[Opening STORED DATA section]

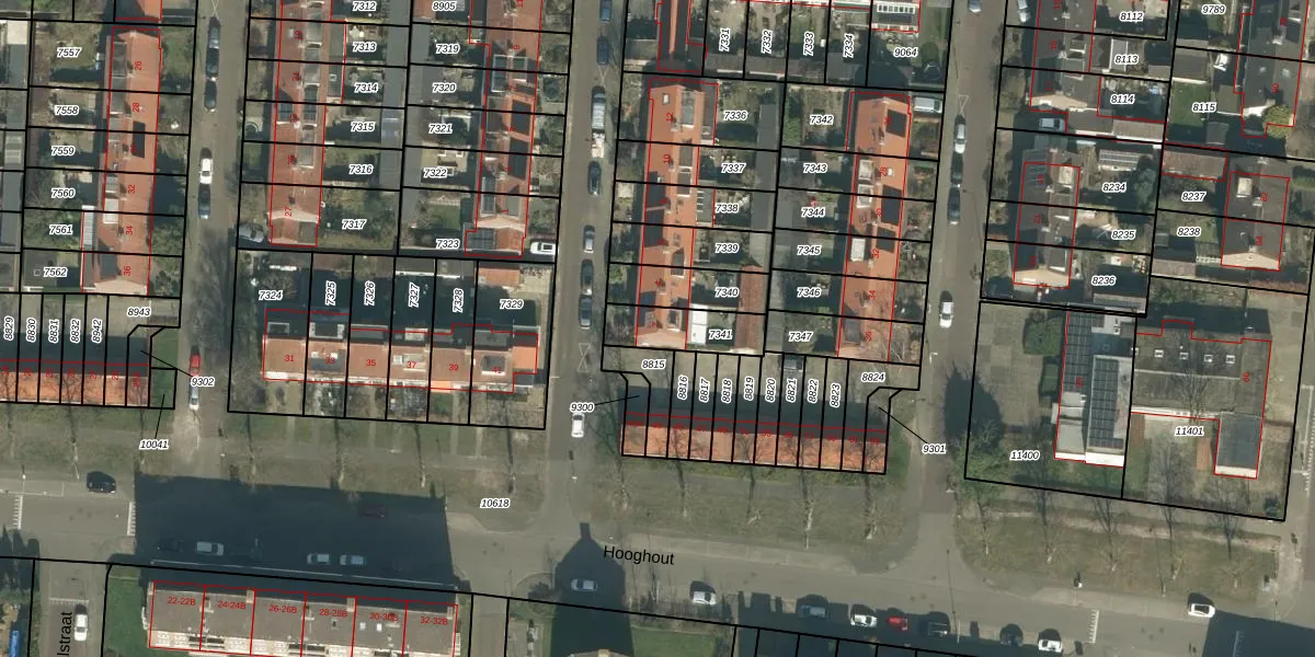 Gebruik de zoekbalk of klik op een perceel voor informatie over de adressen binnen dit perceel.
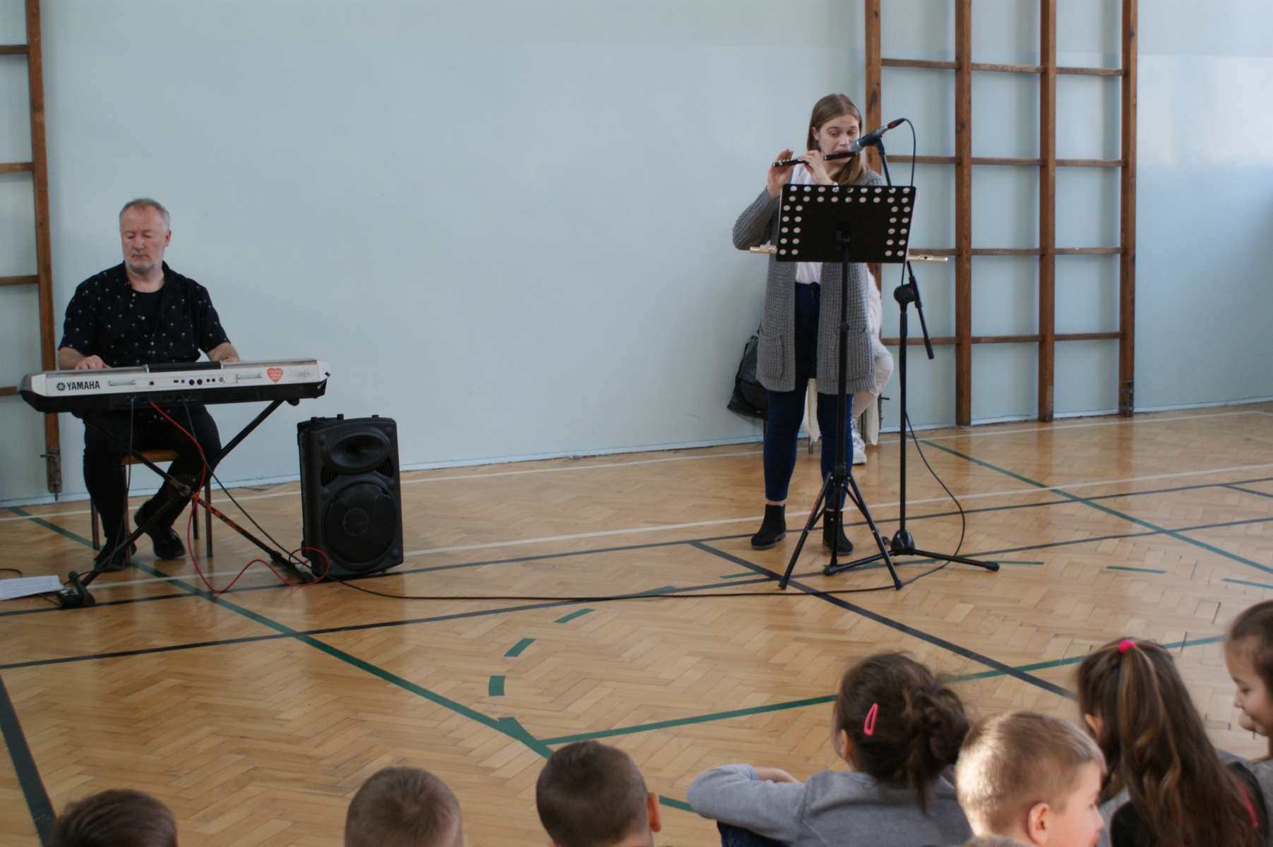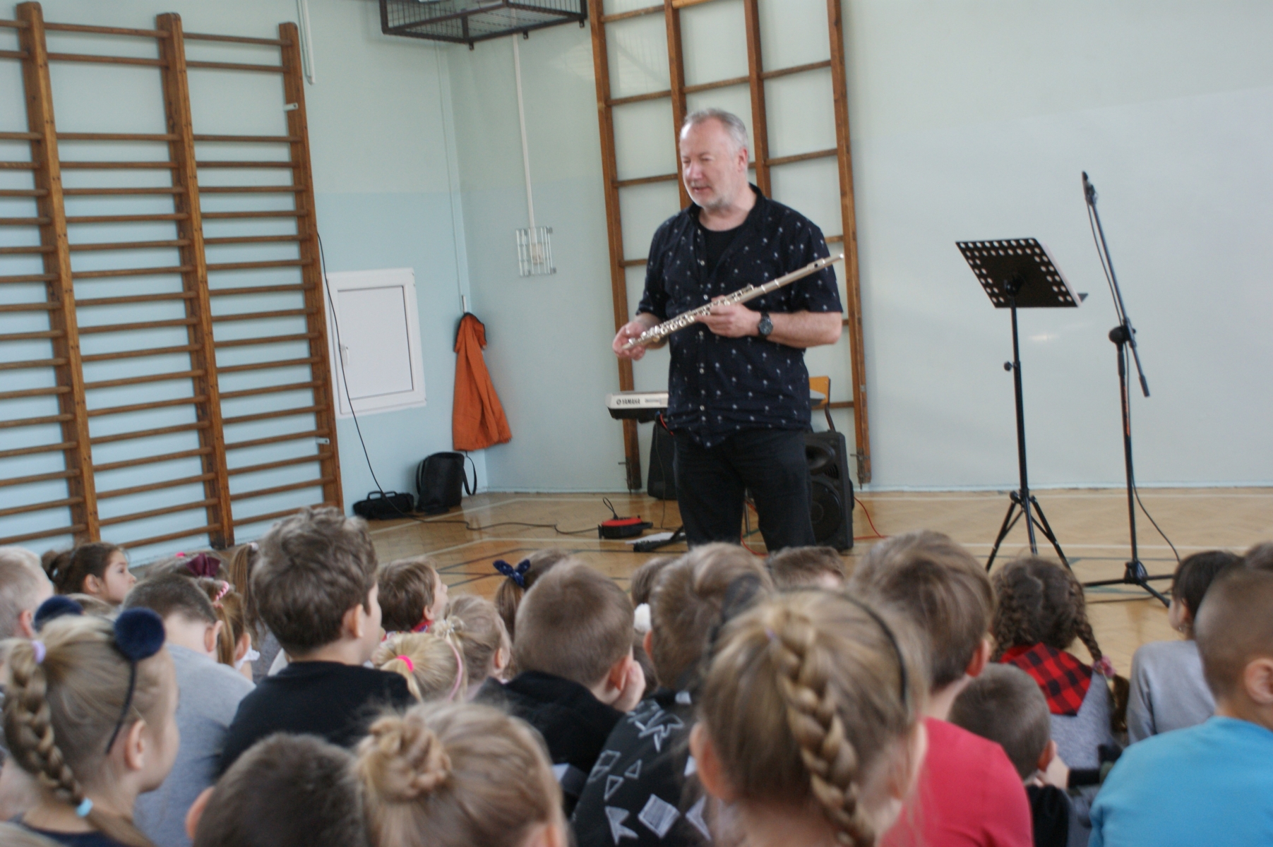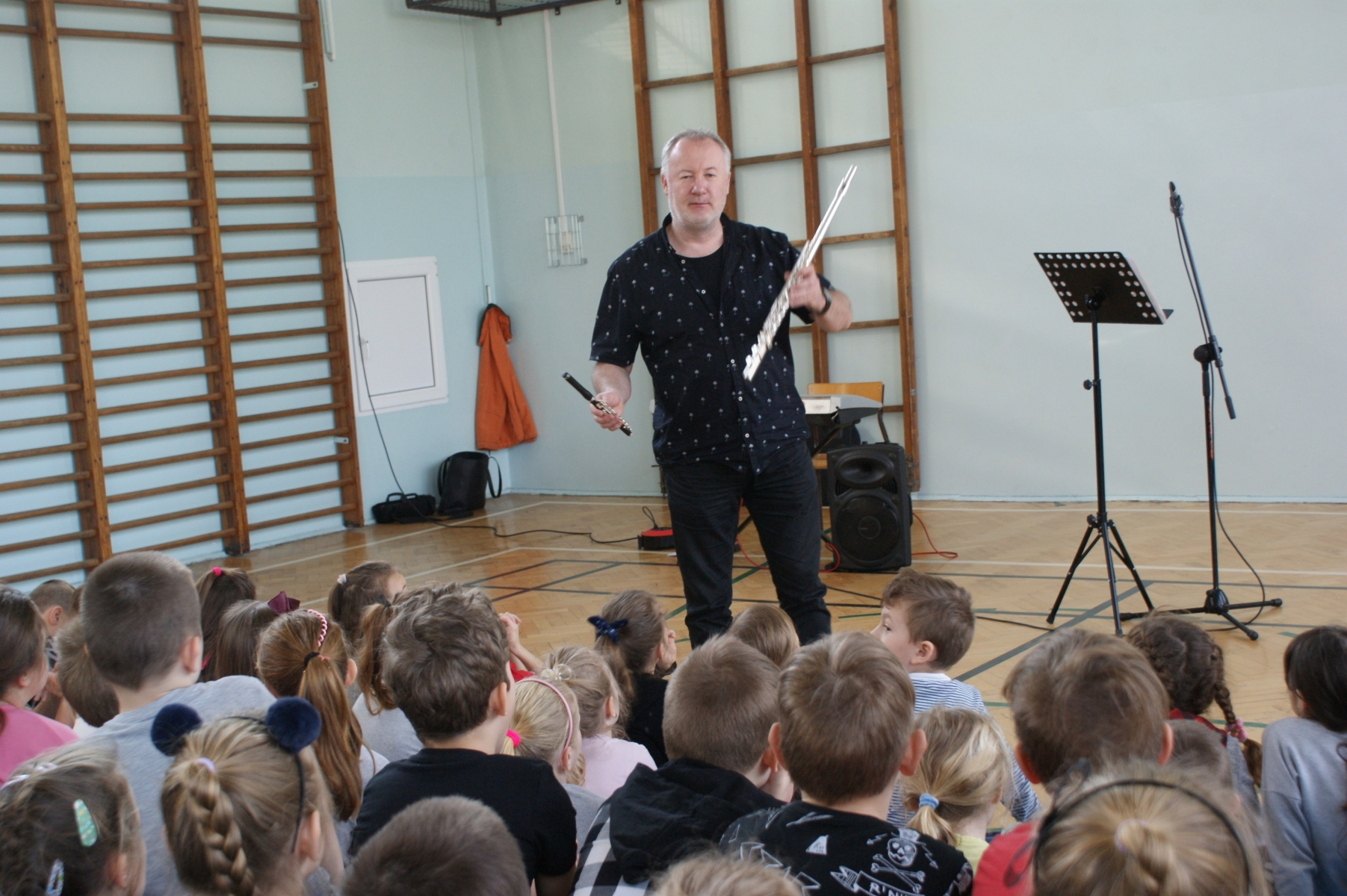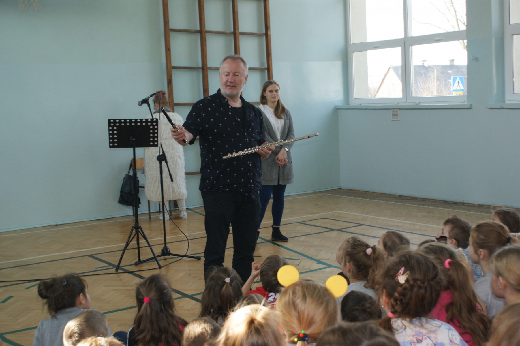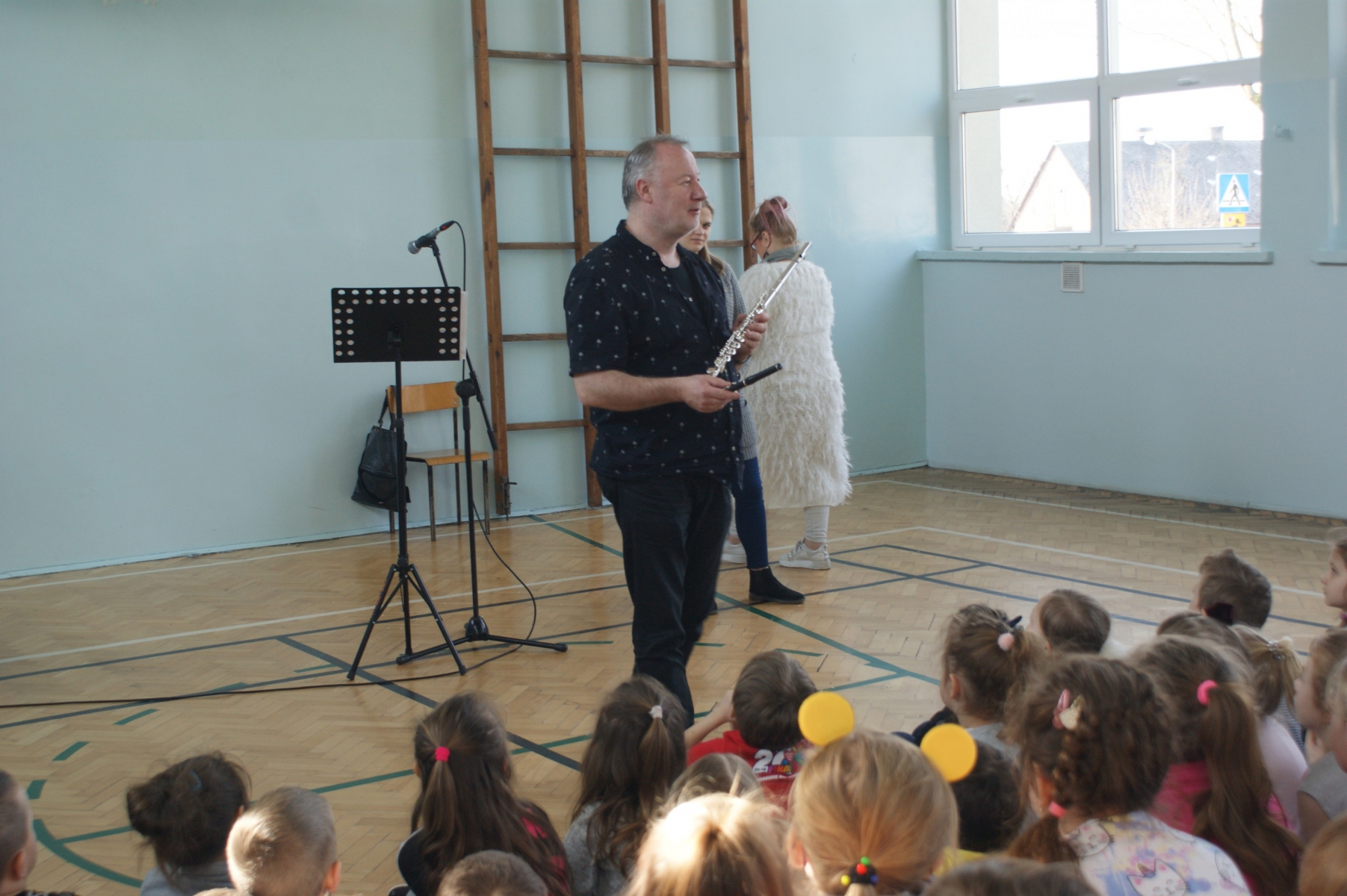 Prowadzący uporządkowali wiedzę uczniów na temat instrumentów dętych drewnianych i blaszanych. Opowiedzieli o budowie fletu małego i dużego i wspólnie ustalono do jakiej grupy instrumentów zaliczamy zaprezentowane na audycji flety. To była bardzo pouczająca, wiosenna lekcja muzyki.
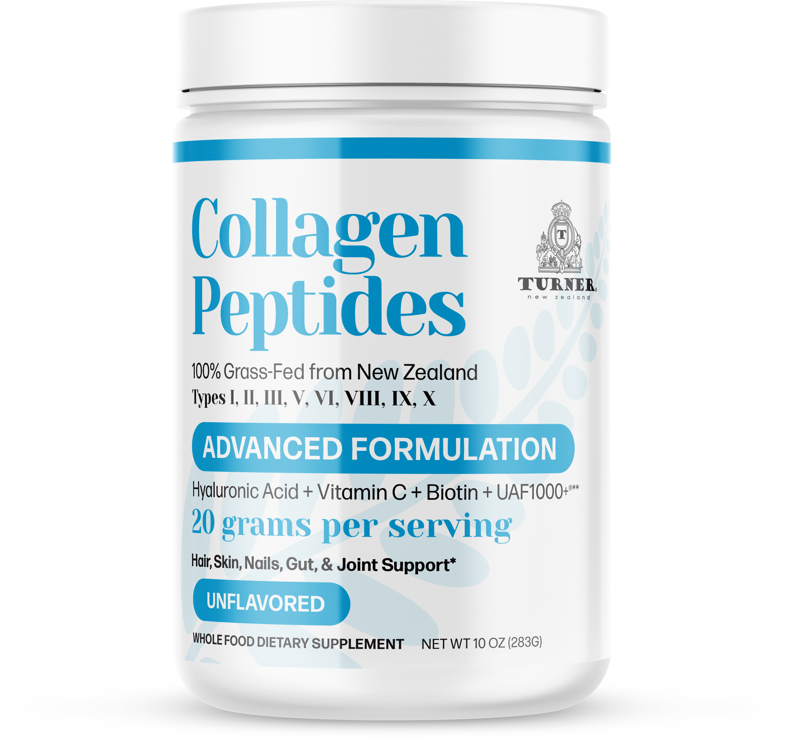 Hydrolyzed collagen peptides from New Zealand pasture-raised beef deliver Types I, II, III, V, VI, VIII, IX & X — the key proteins for skin, bones, cartilage, tendons & ligaments.
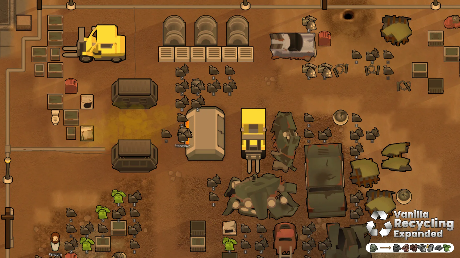 Vanilla Recycling Expanded is our spin on recycling in RimWorld. No longer you will be left with hundreds of wastepacks that you will try to send away into distant parts of the world to forget about them. No longer you will have to try and cheese the game to get rid of pollution. Vanilla Recycling Expanded actually gives wastepacks a purpose, and will let you convert them into a variety of useful new resources!

[Closing STORED DATA section]

YOUR OBJECTIVE: Copy every line of the data exactly as written, excluding the pictures.

EXERCISE RESULT:
 Gebruik de zoekbalk of klik op een perceel voor informatie over de adressen binnen dit perceel.
 Prowadzący uporządkowali wiedzę uczniów na temat instrumentów dętych drewnianych i blaszanych. Opowiedzieli o budowie fletu małego i dużego i wspólnie ustalono do jakiej grupy instrumentów zaliczamy zaprezentowane na audycji flety. To była bardzo pouczająca, wiosenna lekcja muzyki.
 Hydrolyzed collagen peptides from New Zealand pasture-raised beef deliver Types I, II, III, V, VI, VIII, IX & X — the key proteins for skin, bones, cartilage, tendons & ligaments.
 Vanilla Recycling Expanded is our spin on recycling in RimWorld. No longer you will be left with hundreds of wastepacks that you will try to send away into distant parts of the world to forget about them. No longer you will have to try and cheese the game to get rid of pollution. Vanilla Recycling Expanded actually gives wastepacks a purpose, and will let you convert them into a variety of useful new resources!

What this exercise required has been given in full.